2. (10 points) Suppose we want to use a laptop to send 100 files of 25 MB each to another computer over a 5 Mbit/sec wireless connection. The laptop battery currently holds 60,000 joules of energy. The wireless networking card alone consumes 5 watts while transmitting, while the rest of the laptop always consumes 20 watts. Before each file transfer we need 15 seconds to choose which file to send. How many complete files can we transfer before the laptop's battery runs down to zero?
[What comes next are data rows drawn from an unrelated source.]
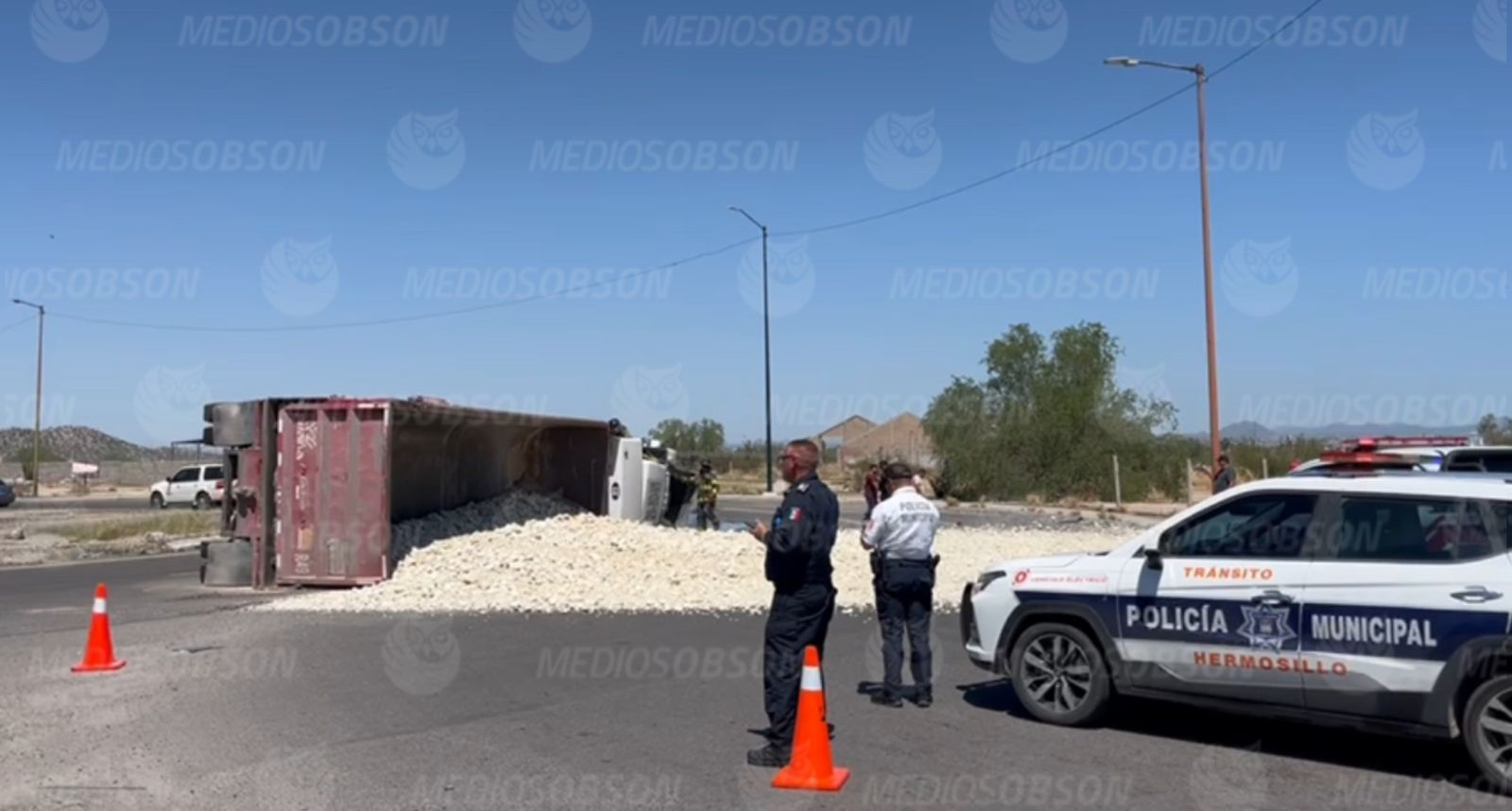 Hermosillo, Sonora; agosto de 2025.- La mañana de este sábado se registró la volcadura de un vehículo de carga que transportaba varias toneladas de piedra caliza, en hechos ocurridos al sur de Hermosillo, sobre el bulevar Jahudiel Zamorano.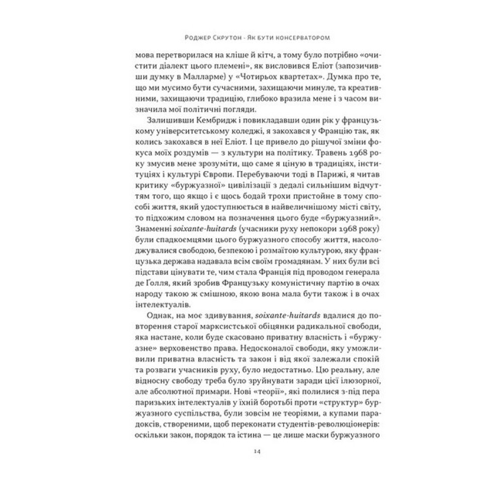 Часи кардинальних змін і фінансових криз у країнах Заходу, занепад мультикультуралізму і глобалізації, спалахи сліпої паніки у питаннях зміни клімату, деградація освітніх систем і моралі, — все це сприяє зростанню впливу популістів, радикальних течій і рухів. У книзі "Як стати консерватором" Роджер Скрутон аналізує ключові аспекти сучасної політики та культури, аби переконливо довести, чому консервативні цінності та сталі соціальні інститути пріоритетніші за швидкі ідеологічні трансформації.Підкреслюючи важливість таких структур, як сім’я, нація, держава та релігія, автор пропонує обережний і зважений підхід до їх реформування, закликає до збереження досягнень минулих поколінь, розповідає про шляхи розбудови справедливого та стабільного суспільства. Ця книга є ґрунтовним оглядовим майданчиком на головні напрями політичної філософії та основні сучасні ідеології. Вона передусім про цінності та світогляд справжнього консерватора XXI століття.Роджер Скрутон — британський філософ і письменник. Член Британської академії, член кореспондент французької Академії моральних і політичних наук. Автор понад 50 книжок із філософії, мистецтва, музики, політики, літератури, культури, сексуальності та релігії. Дописувач Times, Spectator і New Statesman.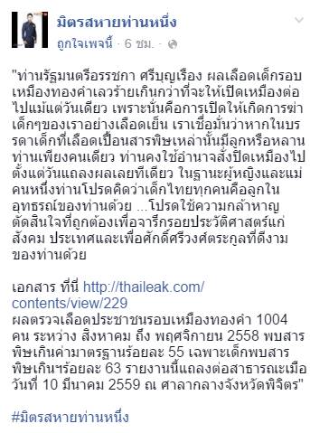 "เรียน ท่าน ดร.อรรชกา สีบุญเรือง รัฐมนตรีว่าการกระทรวงอุตสาหกรรม ผลการตรวจเลือดเด็ก ๆ รอบเหมืองแร่ครั้งล่าสุดนี้ เลวร้ายเกินกว่าจะให้เปิดเหมืองต่อไปแม้แต่วันเดียว"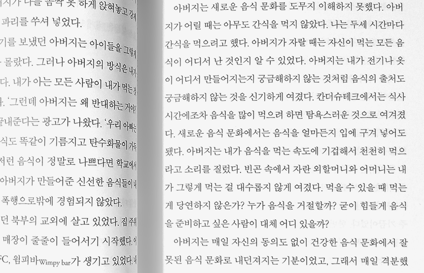 모든 게 낱낱이 찢어발겨져서 부품으로(혹은 부품의 '모사품'으로) 바뀐 다음 식품으로 재조립됐다.

| 3. | (10 points) A secret agency wants to simultaneously monitor cellular phone conversations by  |
|----|----------------------------------------------------------------------------------------------|
|    | sampling 2 bytes of data 4000 times each second for each conversation and bundling these     |
|    | samples into 1KB messages for transmission. The overhead latency is 150 µs per 1 KB message. |
|    | Calculate the bandwidth required of the network to support monitoring 100 conversations.     |

4. (10 points) To capture the fact that the time to access data for both hits and misses affects performance, designers often use average memory access time (AMAT) as a way to examine alternative cache designs. Average memory access time is the average time to access memory considering both hits and misses and the frequency of different accesses; it is equal to the following:

 $AMAT = Time for a hit + Miss rate \times Miss penalty$ 

(a) Find the AMAT for a processor with a 2 ns clock, a miss penalty of 20 clock cycles, a miss rate of 0.05 misses per reference, and a cache access time (including hit detection) of 1 clock cycle. Assume that the read and write miss penalties are the same and ignore other write stalls. (b) Suppose we can improve the miss rate to 0.03 misses per reference by doubling the cache size. This change causes the cache access time to increase to 1.2 clock cycles. Using the AMAT as a metric, determine whether this is a good trade-off.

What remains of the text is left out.